Türkiye’yi yakından ilgilendiriyor
Rusya iktisadında yaşanan dertlerin Türkiye’yi her alanda etkileyebileceğini anlatan ekonomist Dr. Burcu Aydın Özüdoğru şöyle konuştu:
“Bu tesirlerden birisi de finansal kırılganlık göstergeleri. Aslında bunu da görmeye başladık. Geçtiğimiz hafta Rusya’nın Ukrayna’yı işgali ile birlikte Türk Lirası Dolar karşısında süratle paha kaybetti. Şu an biraz toparlanma olsa da kıymetli bir riski işaret ediyor. Ayrıyeten şu basamakta değerli risklerden birisi de kur muhafazalı mevduat sistemi üzerinden üstlenilen garantiler. Son bilgilere nazaran sistemde yaklaşık 470 milyar lira birikti. Örnek vermek gerekirse kur yahut altına karşı verilen garantilerde mevduat faiz oranı yüzde 14-17. Orada kurun her bir puanlık yükselişi kamu maliyesi açısından 5 milyar dolarlık maliyet demek.”
“Enflasyonu tetikler”
Doğalgaz, petrol ve kurdaki üst taraflı çıkışın enflasyon üzerindeki baskıyı arttıracağını belirten Özüdoğru, Türkiye’nin, Rusya ve Ukrayna’dan değerli ölçüde tahıl ithal ettiğini hatırlattı. Her ülkede uzun sürecek problemlerin Türkiye’deki besin fiyatlarının üzerinde de olumsuz tesiri olabileceğini söyleyen Özüdoğru, “Ayrıca turizmde de kıymetli bir kayıp kelam konusu. Tüm bunlar iktisadın her alanında kendini gösterebilir” dedi.
Peki Rusya ile ticarette lokal parayla ticaret bu bahiste bir rahatlama sağlayabilir mi?
“Yerel para ile daha zor”
Dolar ve Euro’nun memleketler arası ticarette vazgeçilmez bir tartısının bulunduğunu lisana getiren Özüdoğru, şöyle konuştu:
“Hatırlarsanız İran’a uygulanan yaptırımlar nedeniyle Halkbank ABD’de önemli suçlamalarla karşı karşıya kalmıştı. Ticarette buna dikkat edilecektir. Türkiye, Ruble üzere farklı para ünitelerine yönelebilir ancak burada Dolar ve Euro’nun dışına çıkması da kısa vadede pek mümkün değil üzere görünüyor. Bu geçiş çok kolay olmayacaktır.”

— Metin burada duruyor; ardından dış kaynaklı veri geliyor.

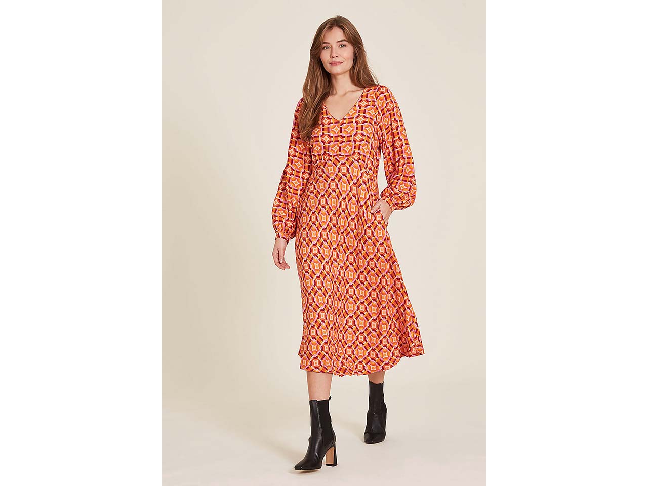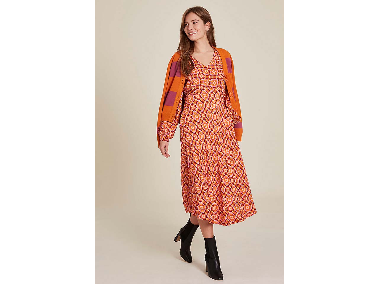 Ein Kleid, in dem sich Dame den ganzen Tag rundum wohlfühlen können. Weiche, seidige EcoVero™-Viskose schmiegt sich an den Körper und macht jede Bewegung mit. Das Maxi-Kleid hat lange Ärmel und eignet sich so für fast alle Jahreszeiten. Modische Details wie der V-Ausschnitt und der leichte ausgestellte Schnitt zeichnen das lange Kleid aus.

Rusya’nın üzerinde önemli tesiri olacak
Son olarak Rusya’ya uygulanacak yaptırımların Rus finansal sistemi üzerindeki önemli tesir bırakacağını vurgulayan Özüdoğru bunları şöyle açıkladı:
“Rusya Merkez Bankası faiz oranlarını yüzde 9.5 düzeyinden yüzde 20’ye çıkardı. Lakin buna karşın Ruble, Dolara karşı yüzde 30’a yakın kıymet kaybetti. Yaptırımlar, Rus halkının bankacılık sistemine olan inancını de etkileyecek. Bilhassa SWIFT engellemesi bu hususta bir bankacılık krizine ve Ruble’nin daha da süratli kıymet kaybetmesine neden olabilir. Lakin dileğimiz barış müzakerelerinin başlaması ve bu tesirlerin de yaşanmaması” diye konuştu.